On Sun, 30 Jan 2005 17:35:49 +0900 timsuth@ihug.co.nz (Tim Sutherland) wrote:

In article <1107042295.816570.61420@z14g2000cwz.googlegroups.com>, mepython
wrote:
[...]
>How hard to do reverse: create csv string from list?
>
>Thanks. I just started Ruby couple of days ago, so I am learning
>instead of implementing, Sorry.

This assumes the input is an array of lines. (Where each line is an array.)

class Array
    def to_csv
        map { |line|
            line.map { |cell|
                '"' + cell.gsub(/"/, '""') + '"'
            }.join(',')
        }.join("\n")
    end
end

Note that literal quotes " are replaced with "".

W_James · 1 February 2005 05:40

A small, fast, and (I think) complete csv parser.

Now handles newlines within fields.
A comma is now the default field-separator.

class Array
   def to_csv
     ",".is_fs if $csv_fs.nil?
     s = ''
     self.map { |item|
       str = item.to_s
       # Quote the string if it contains the field-separator or
       # a " or a newline, or if it has leading or trailing

whitespace.

···

       if str.index($csv_fs) or /^\s|"|\n|\s$/.match(str)
         str = '"' + str.gsub( /"/, '""' ) + '"'
       end
       str
     }.join($csv_fs)
   end
   def unescape
     self.map{|x| x.gsub( /""/, '"' ) }
   end
end

class String
   # Set regexp for parse_csv.
   # self is the field-separator, which must be
   # a single character.
   def is_fs
     $csv_fs = self
     if "^" == $csv_fs
       fs = "\\^"
     else
       fs = $csv_fs
     end
     $csv_re = \
       ## Assumes embedded quotes are escaped as "".
       %r{ \s*
            (?:
                "( [^"]* (?: "" [^"]* )* )" |
                 ( .*? )
            )
            \s*
            [#{fs}]
         }mx
   end

   def parse_string
     (self + $csv_fs).scan( $csv_re ).flatten.compact.unescape
   end
end

def get_rec( file )
   ",".is_fs if $csv_re.nil?
   $csv_s = ""
   begin
     if file.eof?
       raise "The csv file is malformed." if $csv_s.size>0
       return nil
     end
     $csv_s += file.gets
   end until $csv_s.count( '"' ) % 2 == 0
   $csv_s.chomp!
   $csv_s.parse_string
end

while rec = get_rec( ARGF )
   puts "----------------"
   puts $csv_s
   p rec
   puts rec.to_csv

end

Ryan_Davis1 · 1 February 2005 06:16

There is test_csv.rb in the ruby tarball.

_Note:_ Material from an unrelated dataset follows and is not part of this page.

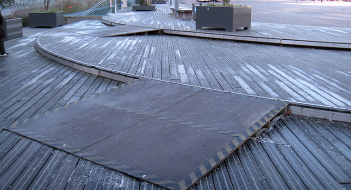 SINT-NIKLAAS. Ere-gemeenteraadslid Patric Gorrebeeck vraagt het stadsbestuur van Sint-Niklaas om de houten helling aan het standbeeld Het Woord aan de Grote Markt veiliger te maken. Vorige week kwam er een 70-jarige vrouw zwaar ten val en brak daarbij een elleboog.
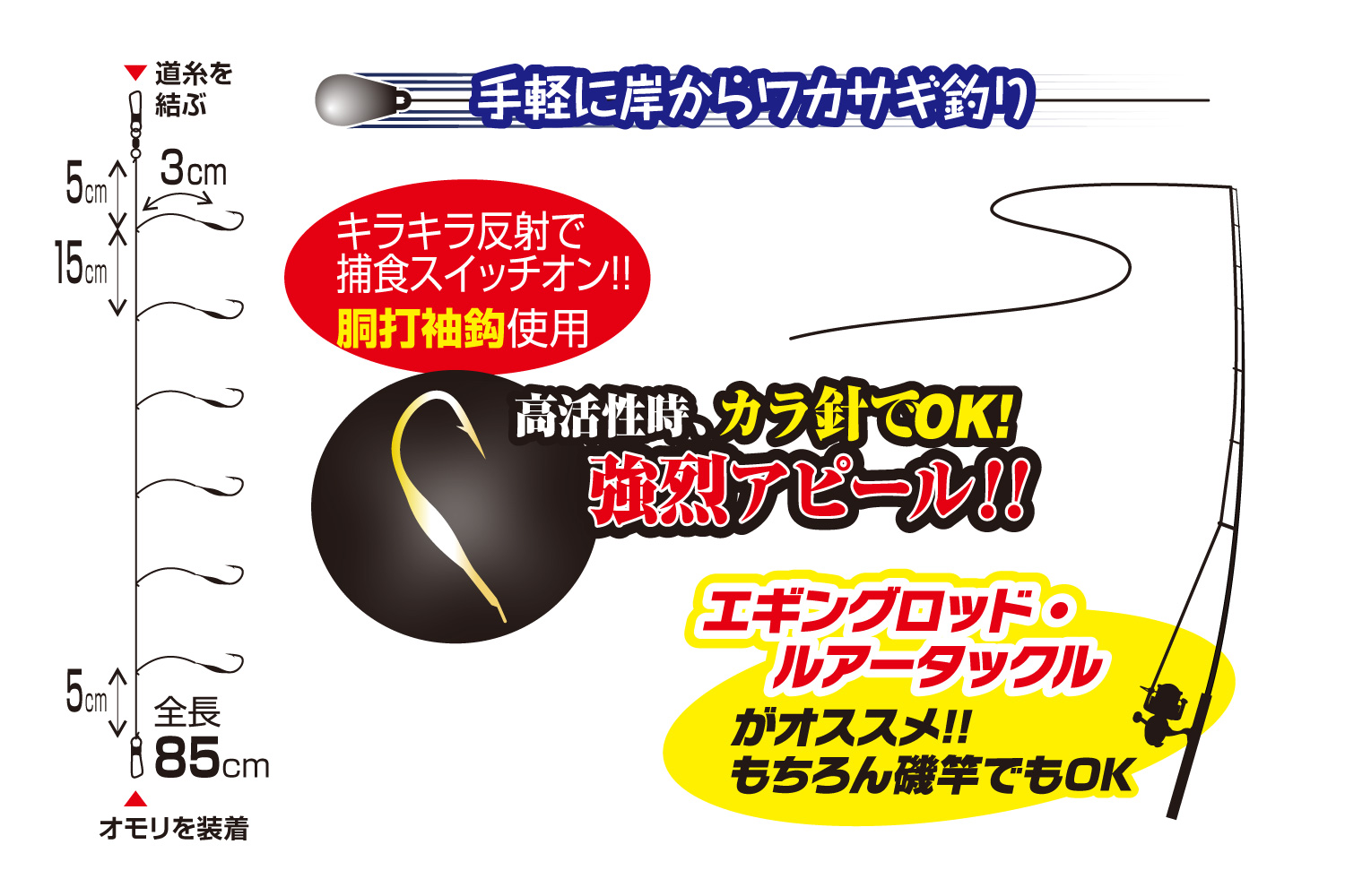 ●ナイロンハリス:幹糸 2→1.5号,2.5→2号/エダス0.3号

Can you run your new code against it to make sure it is complete? With good profile numbers I doubt it'd be hard to get the slower code replaced.

···

On Jan 31, 2005, at 9:40 PM, William James wrote:

A small, fast, and (I think) complete csv parser.

W_James · 1 February 2005 10:25

Ryan Davis wrote:

> A small, fast, and (I think) complete csv parser.

There is test_csv.rb in the ruby tarball. Can you run your new code
against it to make sure it is complete? With good profile numbers I
doubt it'd be hard to get the slower code replaced.

Wow. test_csv.rb is beyond my comprehension. I don't know how
to use it.

I did lift a very complex test string from it to use in testing
my program. One of the fields in that csv string is defective;
I don't know whether that was intentional or not:

"\r\n"\r\nNaHi,

The " in the field isn't doubled, and the field doesn't end
with a quote.

Incidentally, when my program converts that string to an array
and then back to a csv string, it's not the same as
the original string because ,"", is shortened to , .

I corrected a minor bug in my code by moving
",".is_fs if $csv_fs.nil?
to its proper location.

The program conforms to the csv specification at this site:

and it handles the sample csv records shown there.

All my program can do is read a text file containing csv records,
convert those records (strings) into arrays of strings, and
convert the arrays back into csv strings. I suppose that the
csv library that comes with Ruby may do more than that.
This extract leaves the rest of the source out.